Their tool: Arizona’s public- records law.
Last week, the university won a key legal victory against these attacks — but in a way that could harm Arizonans.
On March 25, Pima County Superior Court Judge James Marner ruled the university may withhold from release more than 1,700 emails to or from renowned climate scientists Jonathan Overpeck and Malcolm Hughes. They are two researchers who have become targets of global-warming skeptics — and their supporters in the fossil-fuel industry — because of an earlier leak of emails from a British university.
“When the release of information would have an important and harmful effect on the duties of a state agency or officer, there is discretion not to release the requested documents,” Marner noted in his ruling.
The standard is that the public agency can’t do so “arbitrarily or capriciously,” he wrote, and the university did not do so in this case.
Arizona’s public-records law is broad and applies to all the state’s universities, even though professors and employees of the university may not think of themselves as typical targets of a public-records request. The law is good because it allows for reporters and citizens alike to scrutinize the acts of government employees, including their spending of tax money.
Marner’s ruling will no doubt come as a relief to university researchers in Arizona. Overpeck, director of the UA’s Institute of the Environment, told me Thursday that releasing the data behind published research is an inherent and essential part of the scientific process. Not so, releasing the email communications that may include ideas and critiques irrelevant to the end product.
“The emails, in contrast, tend to be mostly unfinished work, incomplete work or deliberations between scientists that are necessary to reach the point where you can publish the work,” he said. “A lot of what’s going on in our email, think of it as our intellectual property.
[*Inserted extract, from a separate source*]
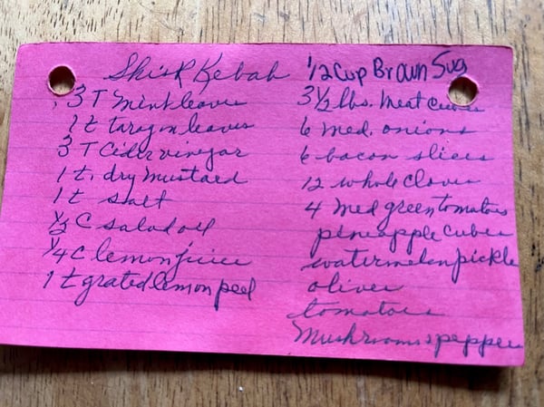 My mom remembers eating shish kebab growing up, so the recipe has been in our family for decades! Shish kebab is a traditionally Mediterranean dish of skewered meats and vegetables. I wouldn’t say that ours has Mediterranean flavors, but it’s unique and delicious. I remembered the marinade’s distinct vinegary smell, but I had no idea what was actually in it, until I recently asked my mom for the recipe. She sent a photo of the recipe card and laughed when I called back and asked for the instructions.
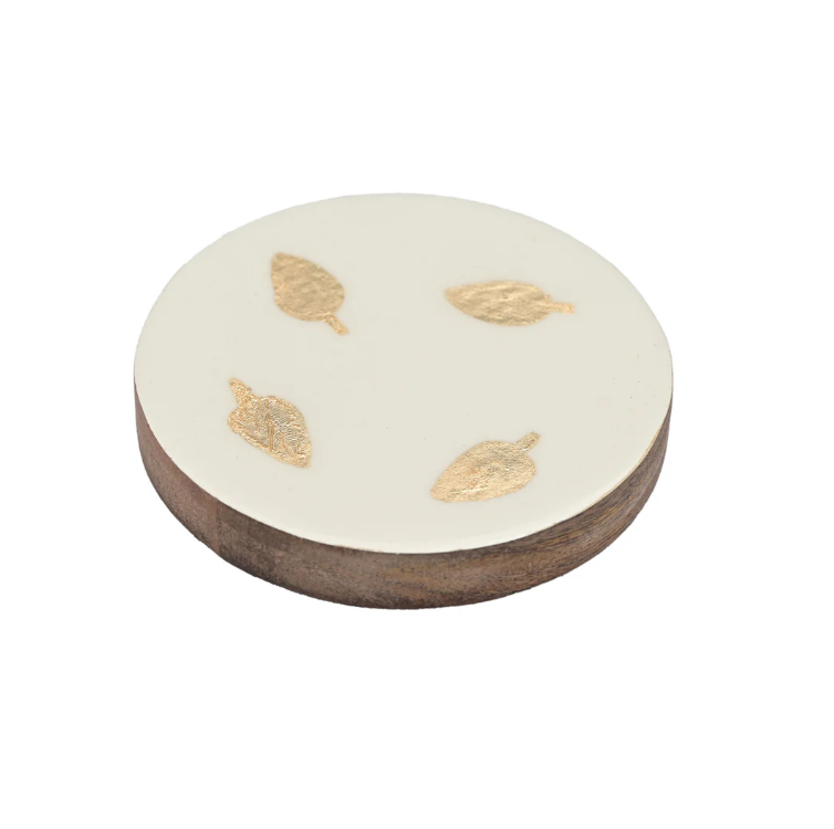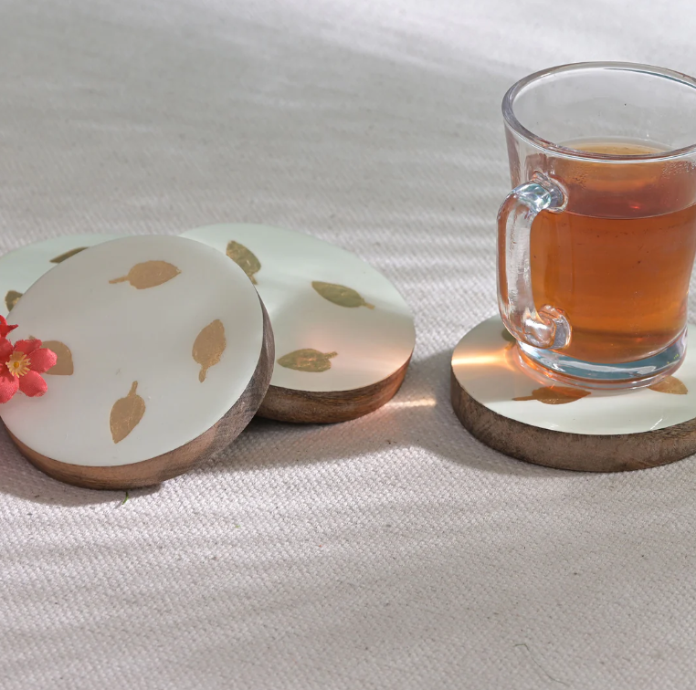 AK รถไฟเหาะไม้ทรงกลมพิมพ์ลายใบไม้เล็กๆชุดละ4ชิ้นสำหรับตกแต่งภายในโต๊ะ

It’s the university’s intellectual property.”
A group called the Energy & Environment Legal Institute sued for the release of the emails in what is essentially a continuation of the “Climategate” conflict that began in 2009. That year, someone hacked into a server at the University of East Anglia’s Climate Research Unit and published thousands of email exchanges, including some involving Overpeck and Hughes, a regents’ professor in the UA’s renowned Tree Ring Laboratory.
The institute, it appears, is looking for something more to undermine the scientists who are showing that people are warming the planet.
That, of course, is not what David Schnare, general counsel for the institute, says. Schnare, who is also a Ph.D. environmental scientist and former EPA attorney, says releasing the withheld emails will offer a complete record of what Overpeck and Hughes really think, and whether they really have biases that affect their research.
I told him I suspected the institute was simply looking for anything it could use to undermine the research by scientists showing humans are warming the planet, even if it’s irrelevant to the science.
“There are people who have cherry-picked emails,” Schnare said, referring to the East Anglia leak. “The question is, how badly did they cherry-pick them?”
“I’m not out there trying to find something I can cherry pick,” he said.
In the lawsuit, Schnare refers to Overpeck as being prominent in the “cause” of global warming, including “activism for environmental pressure groups.” The UA argued that being forced to release the emails in question would have a chilling effect on academic freedom.
The institute’s pursuit of the UA emails is part of a pattern. It and other groups have pursued similar email batches from climate scientists in Texas, Virginia, Alabama and Delaware. Michael Halpern of the Union of Concerned Scientists documented the pattern in a February report and called it “harassment” and “bullying.”
Yet, as bad as the motives of some record-requesters may be, the danger of withholding entire categories of emails from release is probably worse. I asked UA spokeswoman Andrea Smiley what the standards are for releasing or withholding emails that are requested, and she described it as a process of weighing the risks of release against the benefits.
The risks are higher when the emails or other communications are from early in a researcher’s process.
“With that kind of information getting out to the universe, they could draw their own, probably wrong conclusions. They don’t have all the details,” she said.
It’s true, people can misuse or misunderstand information. In fact, distortion and misdirection are a common part of public debate in the United States. The thing is, the burden is on the consumer of information to figure that out, not on the keepers of information to protect us from it.
Also, the director of the UA School of Journalism, David Cuillier, pointed out that the portions of emails that are truly intellectual property or private can be redacted by the public entity that holds them.
“They should not be keeping all the emails blanket secret,” said Cuillier, an expert in public records who is the national freedom of information chair for the Society of Professional Journalists. “They should be blotting out the information that would cause harm and let the rest through.”
In a free society, we have to be trusted to hash out what the information really means.